Colorado Politics

Appeals court says Jeffco erred, reins in tax assessors’ ability to correct values

Because state law does not authorize county assessors to correct any type of error at any time in their property tax valuations, the Court of Appeals on Thursday voided a car wash owner’s revised property value that was nearly triple Jefferson County’s original estimate.

A three-judge panel for the Court of Appeals rejected Jeffco’s argument that county assessors have broad authority under the state constitution to arrive at a uniform property tax valuation. Instead, the panel found the law does not allow for corrections after the legal deadline for property that the assessor mistakenly undervalued.

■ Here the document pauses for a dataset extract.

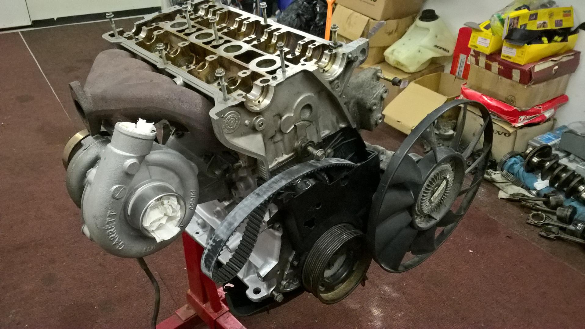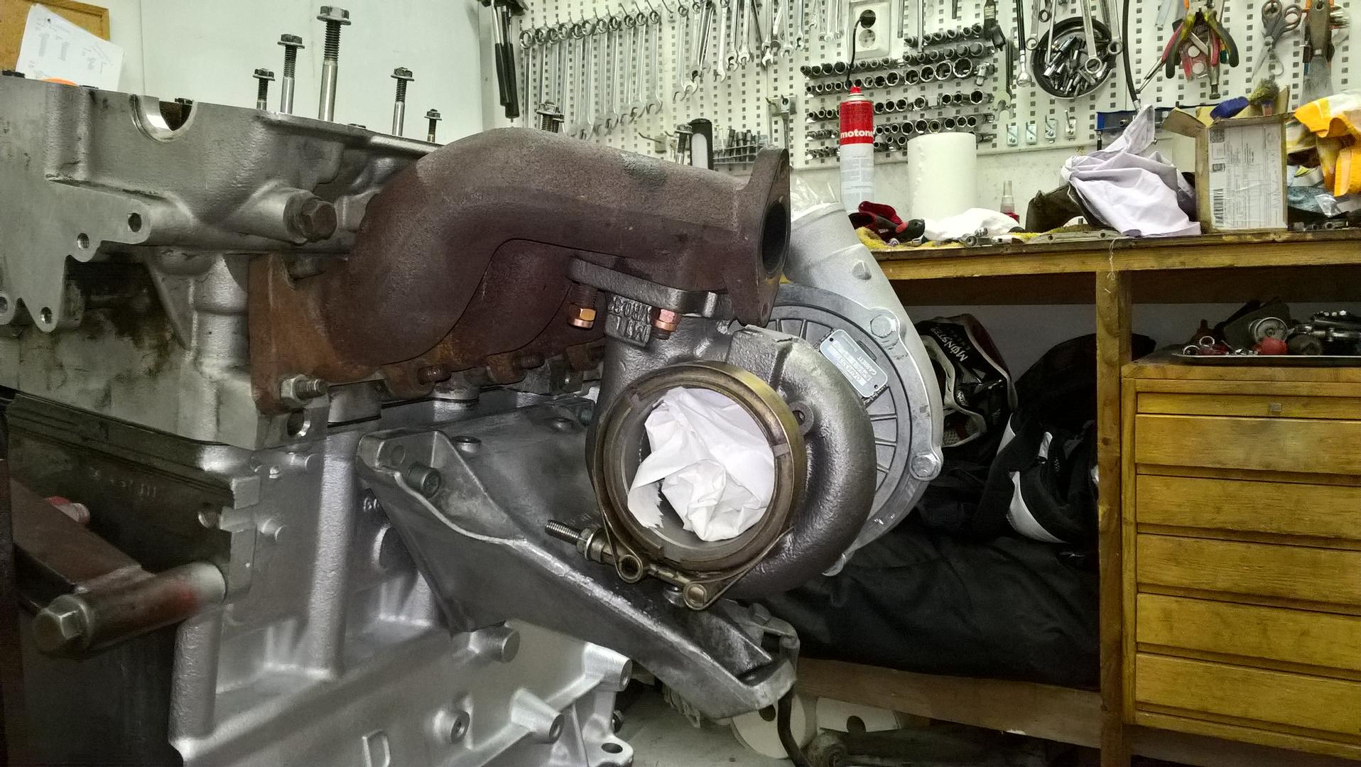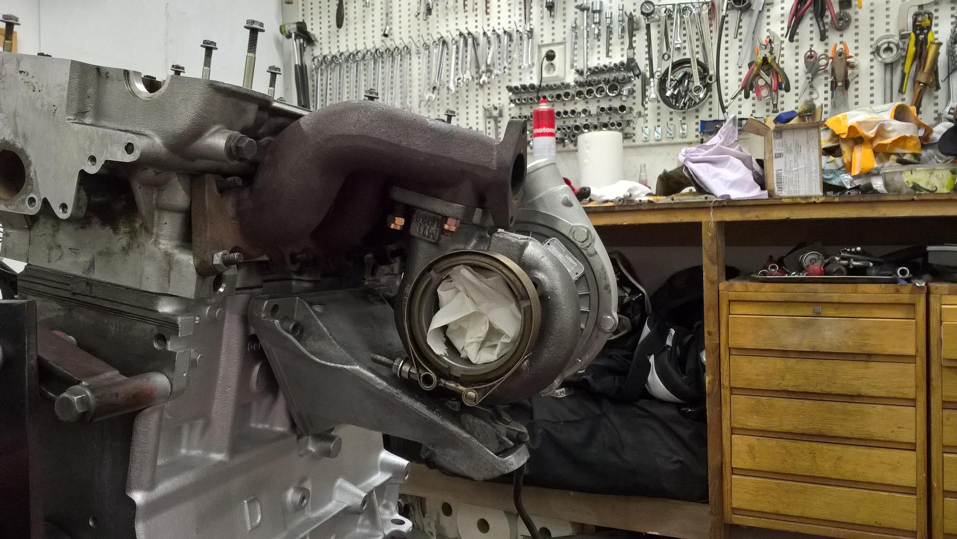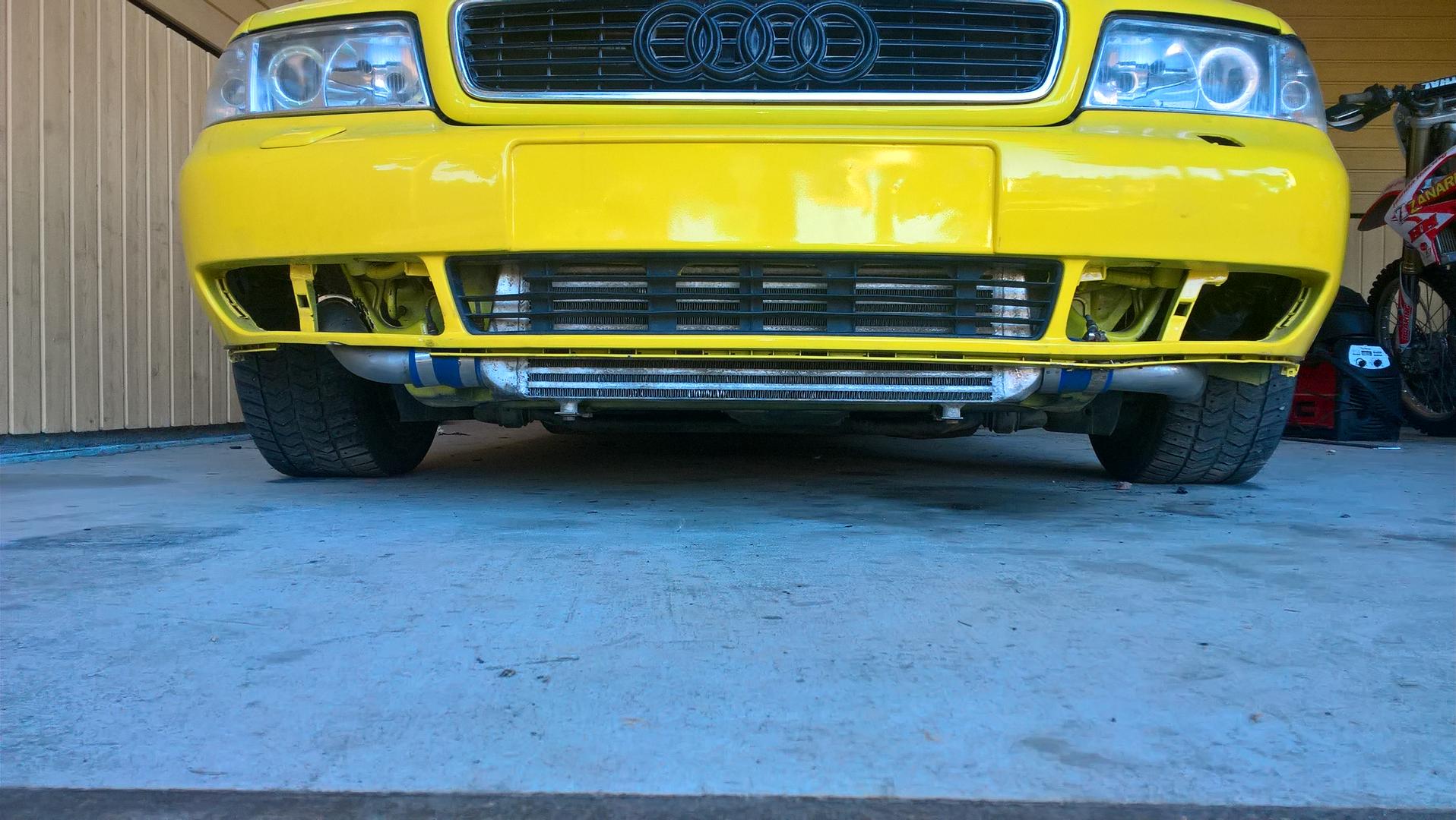 Talvella tuli tontille keltaiseksi ylimaalattu karvalakkimallinen A4 sedani. Sisusta oli jo valmiiksi purettu pois. Alustasarjana joku säädettävä kiinamalli. Mukana tuli koneeseen osia kuten kankisarja, pakosarja, hukkaportti, vauhtipyörä, nokka-akselit, jne. Mukana oli myös penkit, ratti, RS3 jarrut levyineen eteen ja taakse jotkut perusmallit. Etupään nivelet näytti remontoidulta. Hankintalistalle jäi kytkin, pakoputki ja välijäähy, jotka löytyivät foorumilta. Turbokin oli mukana, mutta hommasin Holsetin HX35/40 hybridin tilalle vähän paremmin konseptiin sopivan Fin-Turbon KT 54/57/0,82, kun sattui sekin olemaan foorumilla ja myyjä vakuutteli sen olevan just tarkastettu/huollettu.

 “We believe the decision will preclude county assessors from attempting to increase property values after the statutory deadline,” said Mark W. Gerganoff, the attorney for property owner Yen, LLC. He said the panel’s decision meant significant savings for his client: $4,696 for the 2017 tax year and $5,343 for 2018.

Yen, LLC, the owner of a four-bay, self-service car wash received a notice from the Jefferson County assessor showing a property valuation of $99,715 in 2017. But afterward – and beyond the deadline in state law – the assessor mailed a second notice with a corrected value. The assessor now claimed the value was nearly $300,000.

Yen argued the assessor did not have the legal authority to issue a second notice after the deadline. The state’s Board of Assessment Appeals agreed and voided the notice. Although there are provisions in the law for changing the value, Yen’s situation did not fall into those categories.

“We agree that the county’s error will result in Yen paying less taxes than the county believes Yen owes for the tax year at issue,” wrote Judge Michael H. Berger for the panel in upholding the board’s ruling. But those consequences “do not permit us to rewrite the statute’s clear language.”

Lisa Frizell, president of the Colorado Assessors’ Association and the assessor for Douglas County, said she did not envision the ruling would have substantial impacts to counties’ property tax revenues because of the rarity of this situation.

“What Jefferson County chose to do with sending out a corrected notice of value is not common practice in the assessor community,” she said.

According to the timeline laid out in state law, assessors have until May 1 of each year to mail notices of valuation for residential and non-residential property. The actual value of the property is multiplied by an assessment rate to arrive at an assessed value, for which the tax rates of various taxing authorities (like counties or school districts) apply.

Property owners have the month of May to file protests to the valuation, and can appeal that decision to the county’s board of equalization. Afterward, the assessor compiles an assessment roll that lists all of the taxes due on taxable property in the county. State law allows for the assessor to correct “errors in the assessment roll” at any time before the treasurer receives the final tax bill.

Assistant Jefferson County Attorney Rebecca Klymkowsky argued to the Court of Appeals that assessors have a constitutional duty to determine a property’s actual value.

“Is it your position that the county can change the assessed valuation at any time for any reason?” asked Berger at oral argument.

“Certainly I think the assessor can make early corrections to the value,” she responded.

However, Jeffco’s argument was doomed by the fact that there was no assessment roll created at the time the assessor made the correction. The panel recognized their decision meant that the proactive identification of an error is disallowed under the law, but the judges ultimately found there was simply no legal authorization for the assessor to fix the value under the general constitutional powers.

“What you’re saying is absent a taxpayer protest,” summarized Judge David J. Richman, “the assessor cannot change the evaluation sent out on May 1 … until the valuation shows up on an assessment roll.”

“That is our position,” said Gerganoff, representing Yen, LLC.

Gerganoff said on Thursday that he is aware of 16 other instances across multiple counties where taxpayers received a second notice of their property’s value.

“We maintain that a county’s asserted value of property is not gospel; it is an opinion of value only.  Nothing more – unless the taxpayer does not challenge it,” he said. “The unwary taxpayer, the taxpayer that does not challenge the county’s asserted value timely, will find that the county value will be the value used to calculate the taxpayer’s taxes whether the value is right or wrong.”

The case is Yen, LLC v. Jefferson County Board of County Commissioners.

Correction: Property owners have the month of May to file valuation protests.

Lisa Frizell, president of the Colorado Assessors’ Association and the assessor for Douglas County, said she did not envision the ruling would have substantial impacts to counties’ property tax revenues because of the rarity of this situation.

“What Jefferson County chose to do with sending out a corrected notice of value is not common practice in the assessor community,” she said.